Page 7 of Triple Play

“Sure,” he says finally. “Another drink sounds good. I’m buying.”

Getting ready for work takes approximately an hour between my hair and makeup. Leaving takes about ten minutes. I tip out the DJ and bartenders and house mom and security guys, some of whom wink and whistle at me until I tell them to cut it out. I change back into the sneakers and sweatsuit I wore for my drive. With my makeup wiped off and my hair up in a ponytail, I’m no longer Melody but Shira, who’s tired and wants to go home.

I shove my stuff into my wheeled duffel and roll down the hallway to the club’s back entrance. Of course, the light by the parking lot door is busted again. Of course it’s a moonless night. Of course the flashlight on my phone only illuminates so much.

The employee area of the parking lot is a mess: it needed to be repaved about five winters ago. Potholes pit its asphalt surface. No way my rolling bag will make it across without twisting out of my hands.

I check the hallway—and get a glance of a dark figure, lurking like he doesn’t want to be seen. “Whoever’s there, get the fuck out,” I call.

No one answers. The shadow recedes. Typical. Guys who lurk around to harass dancers are almost universally cowards. I could yell for security to walk me to my car. Or see if John’s still around and ask for an escort across the lot. As if we just could get in my car and drive away from everything. As if things could be that simple.

No, I’ve been on my own for six years. I’ll be fine. So I shoulder my bag and start walking.

PART TWO

Boston

CHAPTER ONE

Felix

February

“Sir, I understand you’re inconvenienced,” the gate agent says to the man standing two people in front of me in line. “This delay is disruptive to many customers’ travel plans and we very much apologize for having to reschedule.”

The man—who was sitting three barstools down from me at the airport bar, putting away gin with an enthusiasm that I usually reserve for Gatorade—blusters an objection. “I have an important meeting,” he says, as if that will change the weather currently scrolling across the display monitors adorning the terminal. Snow.
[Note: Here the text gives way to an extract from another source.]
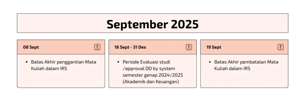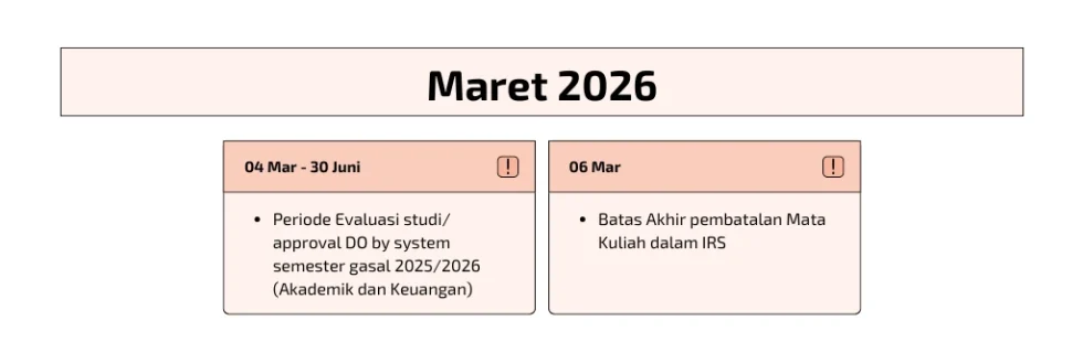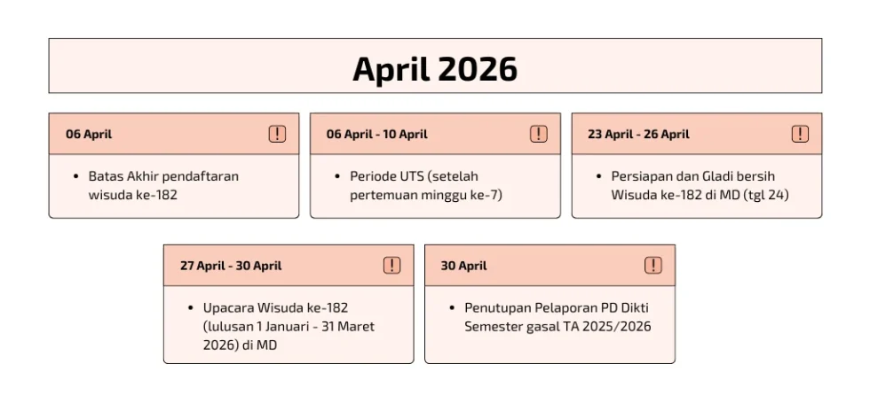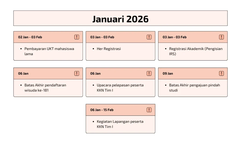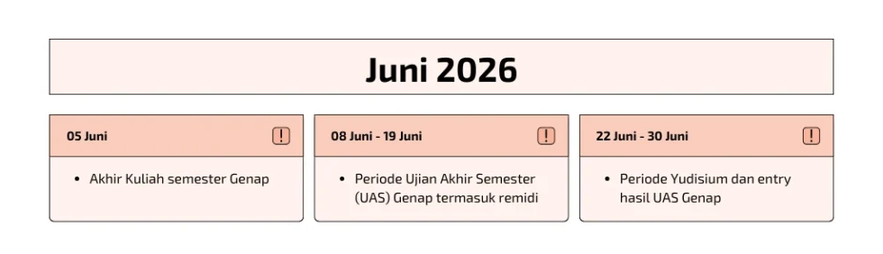 Semester Genap TA 2025/2026 dimulai pada Januari dengan jadwal pembayaran UKT, her-registrasi, dan pengisian IRS. Februari diisi dengan Wisuda ke-181 dan dimulainya perkuliahan pada 9 Februari. Maret hingga April merupakan periode evaluasi studi dan UTS, serta pelaksanaan Wisuda ke-182. Perkuliahan berakhir pada 5 Juni, dilanjutkan dengan UAS hingga 19 Juni, dan ditutup dengan proses yudisium serta entri nilai pada akhir Juni.

A late-winter line of it bearing down on the entire northeast.

The gate agent’s red-lipped smile goes a little more fixed. “Sir, I understand?—”

“Don’t understand,” he barks. “Fix it.”

I can’t just stand there any longer, not when the guy takes a sucking inhale like he’s really gonna let her have it. There’s a certain type of guy who enjoys being a jerk to service workers—and a subset of them who really like being jerks to women. This guy’s wearing a suit like we all need to know he’s important.
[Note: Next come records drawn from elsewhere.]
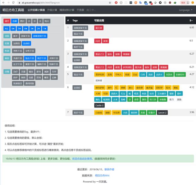 这里我推荐一个明日方舟的公开招募计算器,能够快速计算出各种可能出现的角色。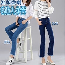 韩国毛边喇叭裤女牛仔长裤微喇流苏九分蓝色牛仔裤子女显瘦修身潮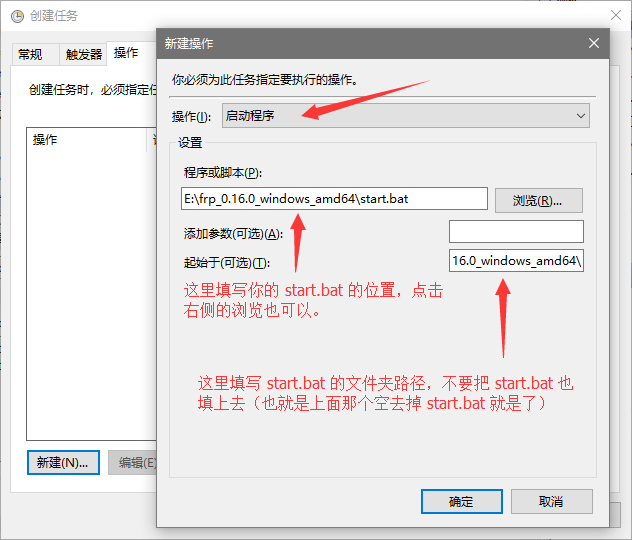 例如你的 start.bat 在 E:frpstart.bat,那么你只需要在 “起始于” 填写 E:frp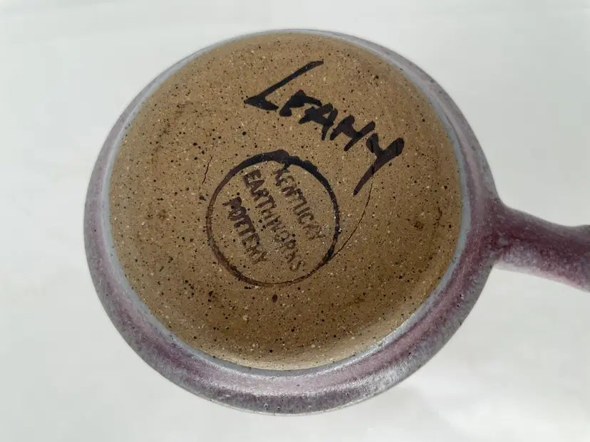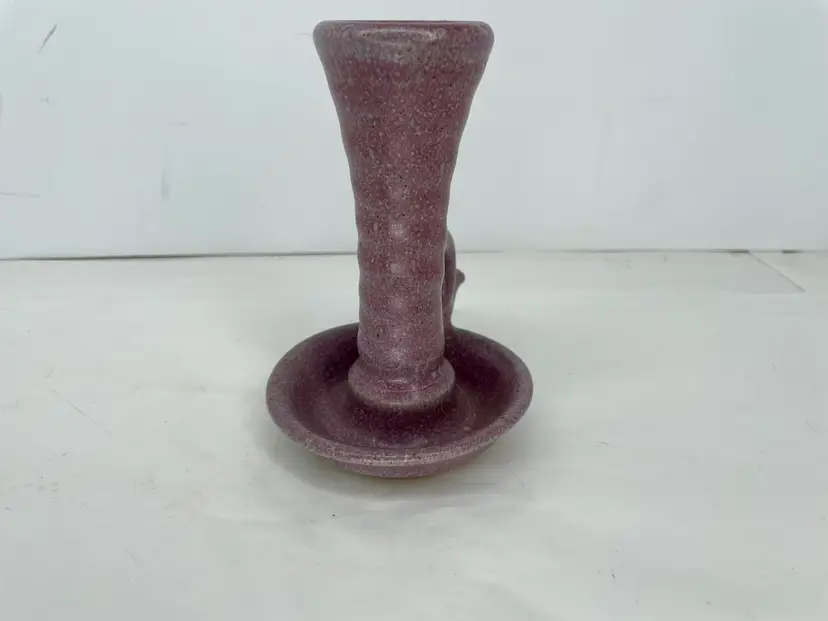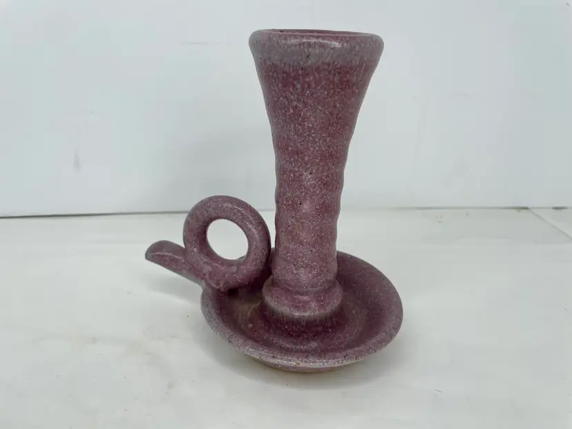 This exquisite candlestick holder is a unique piece of art pottery from Kentucky Earthworks Pottery. The striking purple color and intricate design make it suitable for any room in your home. The holder is signed by Leahy and features a finger loop for easy handling.

He’s also sputtering with rage as if that will change the fact that our flight to Florida has just been scrubbed.

No one else steps up to intervene. A few other passengers are staring at their phones like they’re afraid that Suit’s temper will turn toward them. More are muttering annoyedly about the weather and the possibility of booking another flight.

With any luck, I’ll get to the front of this line before all the seats are gone. My job isn’t more important than anyone else’s here, but I really do need to get to Florida.
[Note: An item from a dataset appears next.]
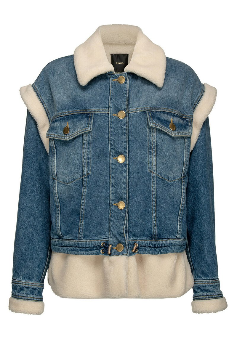 Stay trendy and warm this Autumn/Winter season with this Casual Blue Jacket for Women from the brand Pinko. Made from high-quality denim fabric, this stylish Giacca di Jeans features a modern design and comfortable fit. Perfect for layering over your favorite outfits, this versatile jacket is a must-have for any fashion-forward woman. Stay chic and cozy in this fashionable piece from Pinko.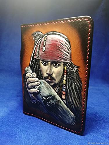 HOT ! Jack Sparrow, 3D Genuine Leather Travel Passport Cover, Passport Holder, Passport Case, Hand-Carved, Hand-Painted, Leather Carving, Custom Passport Case, Personalized Passport Case

“Now,” Suit snaps, for good measure, and the gate agent’s customer-service mask slips briefly as her eyes widen.

“Buddy,” I call to him, “we’re all trying to get somewhere. Stop giving her a hard time.”

The man swings around. His face is blotched red. His hands tighten by his sides like he’s ready to scrap in his polished black shoes. Until he sees me. I might be a little bigger than he is. He’s built like a gym bro, but I’m built like a first basemen-slash-designated hitter: six-four with twenty extra pounds of weight I spent the offseason packing on.

His fists curl like he might try to fight me anyway. Guys’ll try that too. I guess they figure the bigger they are, the harder they fall. That’s an expression better left to trees—I’ve felled trees and it’s harder work than you might think. At least the gate agent’s shoulders sag in relief…for all of five seconds. Then she casts a look around the seating area and goes ashen.

I don’t want to turn my back on Suit-with-MMA-Delusions, so I crane my neck to see what’s up. Great, people have their phones out like they’re anticipating a fight.

Another airline employee already has a beige courtesy phone cradled between her ear and neck. She’s whispering something I only catch pieces of. “Security…”

So this got out of hand quickly.

Suit studies me, then his eyebrows shoot up in recognition. “Aren’t you Felix Paquette?”

Well, that was probably inevitable in Boston. Say what you will about the city, they do love their baseball. “Yeah.”

“Wow, man, you look”—I wait for the inevitable bigger in person—“like shit.”